Your output should be everything below from the line containing "Disfruta el lujo" down to the line containing "Produzido em madeira", both ends included, copied exactly, with pictures left out.

── Data for processing

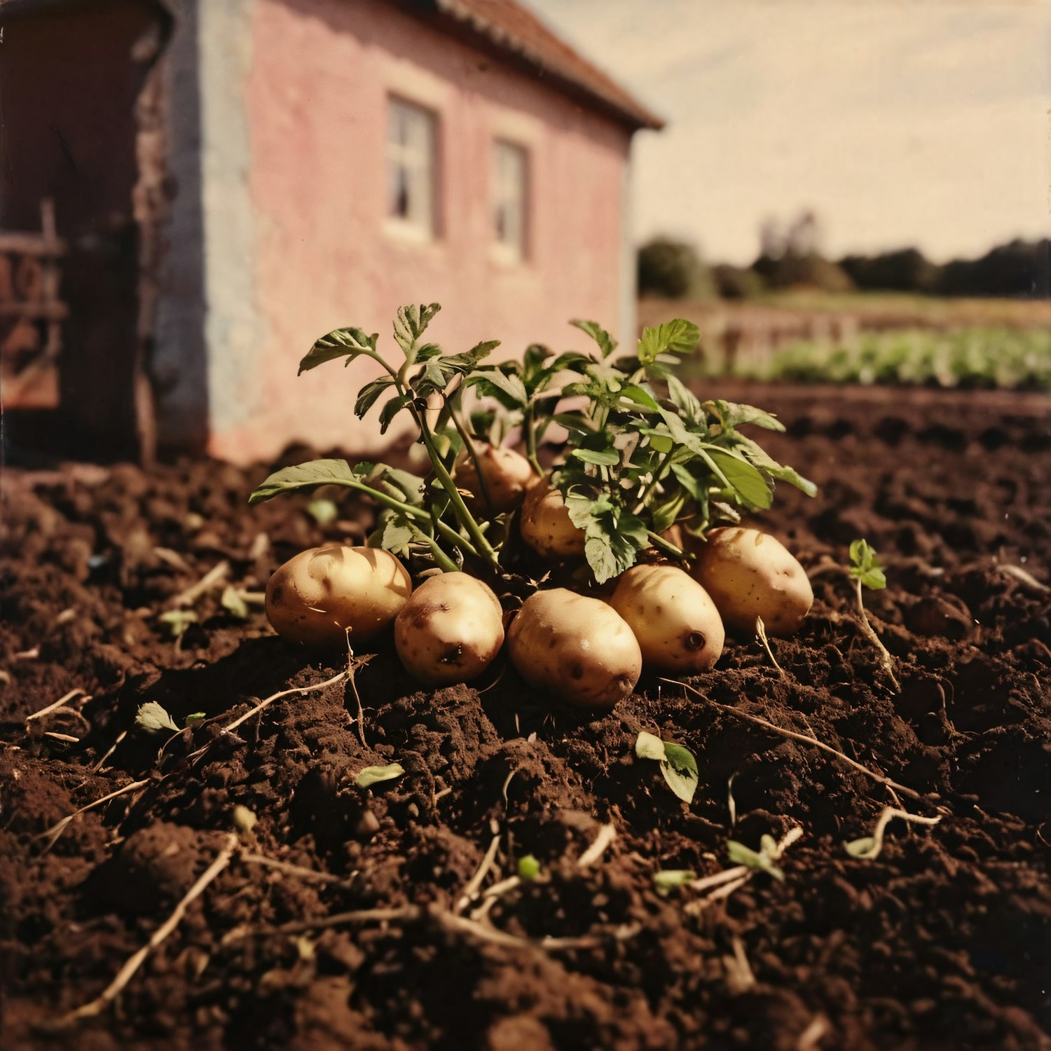 Freshly harvested potatoes on rich soil with a rustic building in the background, capturing rural tranquility and agricultural abundance.
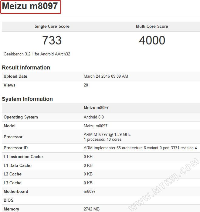 В минувшие дни в базе данных бенчмарка GeekBench были обнаружены результаты тестирования неизвестного смартфона Meizu M8097. Так, в одноядерном тесте аппарат набрал 733 балла, а в многоядерном 4000. Судя по информации бенчмарка, под капотом смартфона работает 10-ядерный МТ6797 с заниженной частотой 1,39ГГц. Обещаемой MediaTek прыти «держите меня семеро» не ощущается. Правда, чип не разогнан на всю мощь, но, возможно, создатели осторожничают из-за нежелания столкнуться с его перегревом или есть проблема с оптимизацией. Из данных бенчмарка мы знаем о присутствии 3 Гб ОЗУ и платформы Android 6.0. С учетом дорожной карты Meizu, это результаты тестирования одного из трех девайсов Meizu Blue Charm 2, MX6 или его mini-версии.
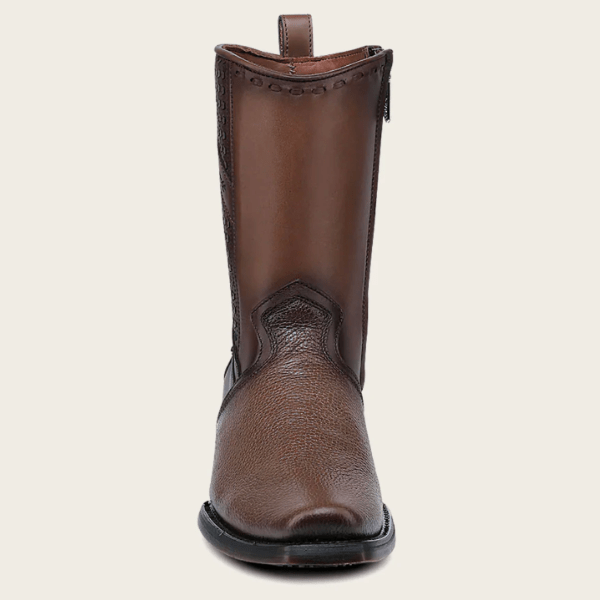 Disfruta el lujo y la exclusividad con estas botas de cuero genuino de venado para hombre de Cuadra. Con detalles hechos a mano y la comodidad de su cierre interno y suela de cuero con injerto de TPU. El logotipo grabado y el monograma Cuadra en los remaches añaden un toque artístico a tu atuendo.
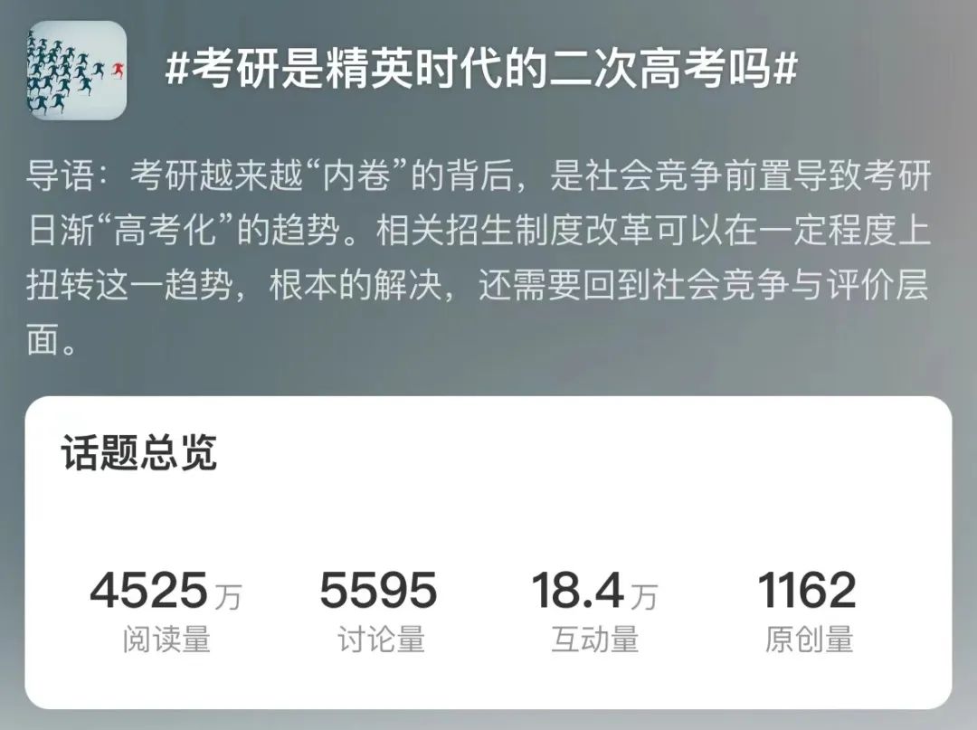 社交媒体上,考研的重要性被不断拔高,有了“二次高考”的别称。
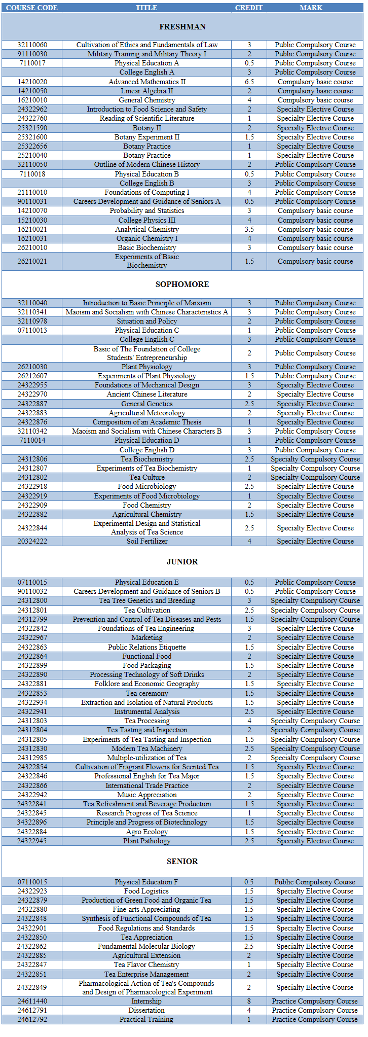 Tea Science (Undergraduate)
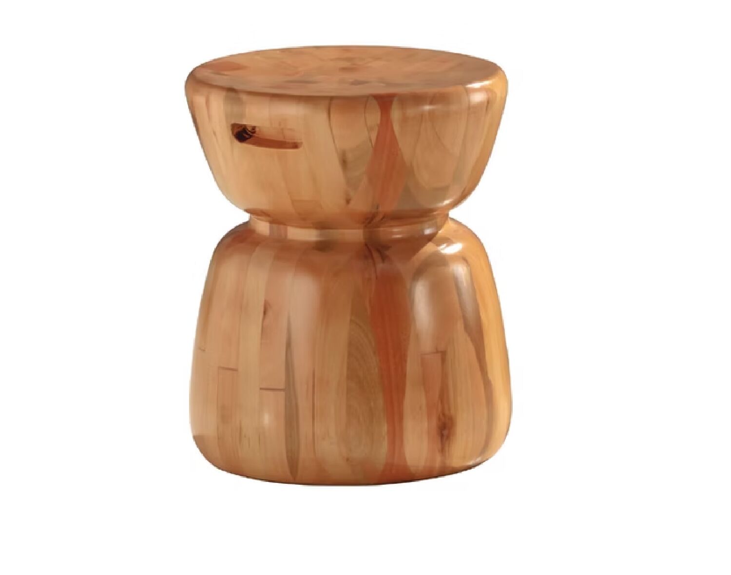 Produzido em madeira maciça, possui acabamento polido e envernizado, evidenciando os veios naturais e a coloração rica do material.
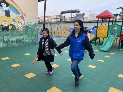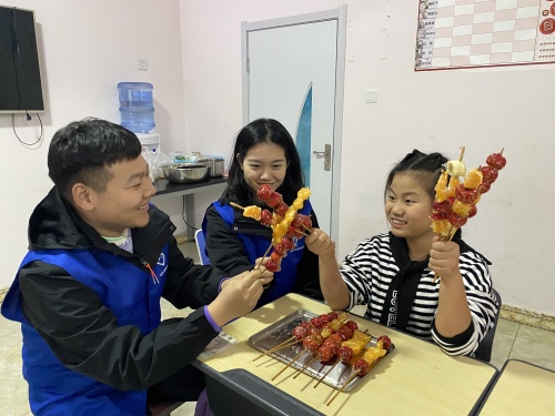 時至年末,志愿者們再一次看望孩子們,混在人群中的小王一眼被媛媛識別出來。利用半天時間,志愿者們與孩子們一起制作冰糖葫蘆、玩益智小游戲、接力賽跑。在制作冰糖葫蘆過程中,小王拿著竹簽聲情并茂地引導(dǎo)媛媛,“媛媛,這里有山楂和橘子,你喜歡吃哪個呢?”她看了看,拿起了山楂?!叭绻阆矚g吃冰糖葫蘆,那就把山楂串在王姨的竹簽上,再將橘子也串在一起”,她竟然都做到了。做好的山楂,還會試著往小王的嘴里塞,激動興奮的小王一把抱住了媛媛,現(xiàn)場響起了喜悅的掌聲。

────

_Exercise result_
 Disfruta el lujo y la exclusividad con estas botas de cuero genuino de venado para hombre de Cuadra. Con detalles hechos a mano y la comodidad de su cierre interno y suela de cuero con injerto de TPU. El logotipo grabado y el monograma Cuadra en los remaches añaden un toque artístico a tu atuendo.
 社交媒体上,考研的重要性被不断拔高,有了“二次高考”的别称。
 Tea Science (Undergraduate)
 Produzido em madeira maciça, possui acabamento polido e envernizado, evidenciando os veios naturais e a coloração rica do material.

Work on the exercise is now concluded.